His name was Ray Chapman. He was a shortstop with the Cleveland Indians in 1920. He was one of the team’s major stars and their best infielder. But his name became a footnote in history when he became the first and only player in major league baseball to die after being hit by a baseball.

It happened at the Polo Grounds in New York City in a game against the Yankees. Chapman had a reputation for allowing himself to be hit by pitches and Yankees pitcher Carl Mays was a famous “bean ball” pitcher. It was recipe for disaster.

Mays had an underhand style that made it hard for batters to see the ball. Chapman had a hunched over stance and was expecting a curve ball, but instead Mays threw a fastball. Chapman never got out of the way and the ball hit him in the left temple with a sound so loud some people in the crowd thought Chapman had hit the ball.

Chapman fell to the ground – other players helped him up and to the dugout.
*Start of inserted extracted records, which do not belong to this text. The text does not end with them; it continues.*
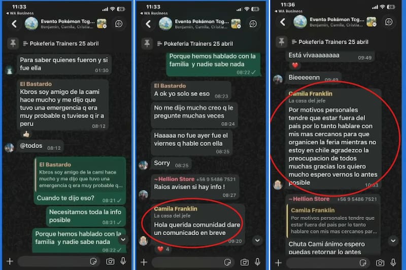 Minutos después, desde el teléfono de Camila escribieron “un comunicado”: “Por motivos personales tendré que estar fuera del país, por lo tanto hablaré con mis más cercanos para que organicen la feria mientras no estoy en Chile”, decía.
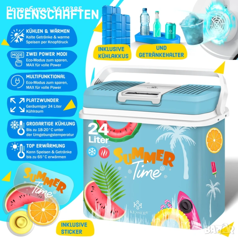 - 1 x Хладилна кутия с 230 V и 12 V щепсели
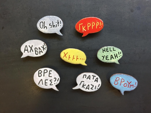 Enamel on copper pin. You can order a custom one with the words you want (as long as it doesn't say too much!)
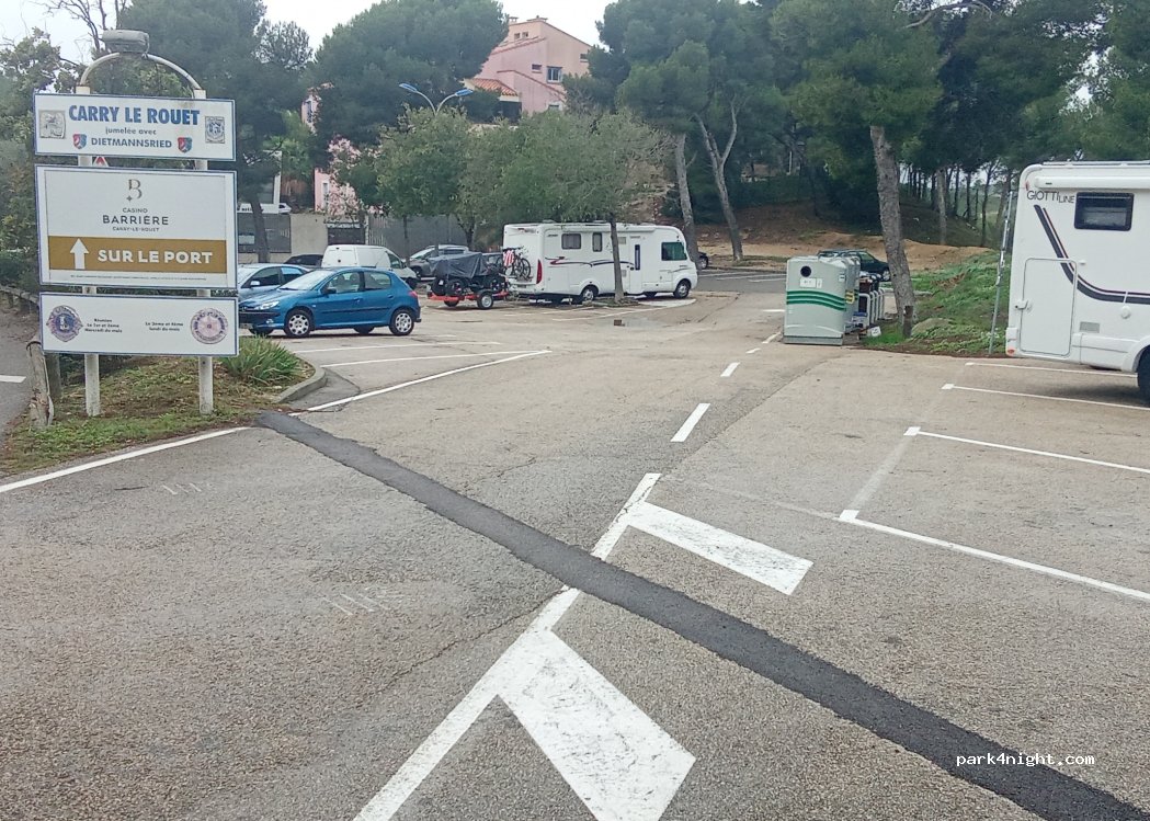 Juste a l,entrée de carry le rouet .Pratique pour stationner la journée, éventuellement y dormir une nuit.Prévoir 20 minutes pour arrivée au port à pieds, se faire un resto (à éviter Le Fernánd,elle !!) se balader le long du sentier qui longe la falaise à droite en arrivant au port Pratique et on ne risque pas de PV la gendarmerie jette un œil de temps en temps.C , est pas le top mais il existe
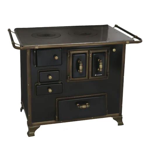 Corpo e forno em aço carbono com acabamento esmaltado a fogo. Pés em ferro fundido com acabamento em ouro envelhecido. Varões e guarnições em ferro fundido com acabamento em ouro envelhecido. Puxador e escoras do varão em zamak com acabamento ouro envelhecido. Chapa em ferro fundido com super polimento. Compartimento inferior para armazenar lenha. Saída da chaminé direita.Tipo
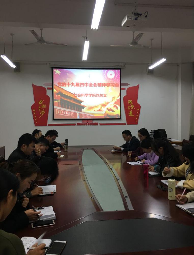 11月12日下午,社会科学学院党总支在社科楼107会议室举行党的十九届四中全会精神学习会。党总支副书记胡志国,各总支委员、党支部书记,全体班主任和辅导员参加了此次学习会。
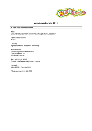 Ausreichende Bewegung mit einer ausgewogenen Ernährung und positiver Stressbewältigung sind zentrale Bausteine für die Förderung eines gesundheitsfördernden Lebensstils. Das Aktionsbündnis "DAIDALOS", das im Rahmen von "IN FORM- Deutschlands Initiative für gesunde Ernährung und mehr Bewegung" von 2009-2011 durch das BMG gefördert wurde, greift diese Aspekte in vielfältiger und ganzheitlicher Weise auf. Das Projekt richtet sich an Schülerinnen und Schüler der 5. und 6. Klassen einer Münchner Hauptschule, sowie an ihre Eltern und Lehrerinnen und Lehrer. Durch Maßnahmen wie Sportförderunterricht, Adipositasschulung, Bio-Frühstück und Sozialtraining haben sich die Kinder mit dem Thema "Gesundheit" auseinandergesetzt und gesundheitsförderliche Lebensstile eingeübt und selbstständig in ihren Alltag integriert. Viele Aktionen konnten auch über das Projektende hinaus nachhaltig in der Schule verankert werden. Dies ist insbesondere für die Weiterentwicklung der Schule zu einer "gesunden Schule" und die damit einhergehende Implementierung einer gesundheitsförderlichen Schulkultur von Bedeutung.

But he lost consciousness and died 12 hours later.

There were a number of changes made in the game as a result of Chapman’s death – the biggest was how often the baseballs are changed. Up until then just a handful of balls were used during a game, even after they got yellow with dirt and tobacco juice. The new procedure was to replace any ball that became scuffed or dirty with a new one.

90 new baseballs are required at the beginning of the game. Between 60 and 70 balls are used per game. The average life of a major league baseball is 6 pitches.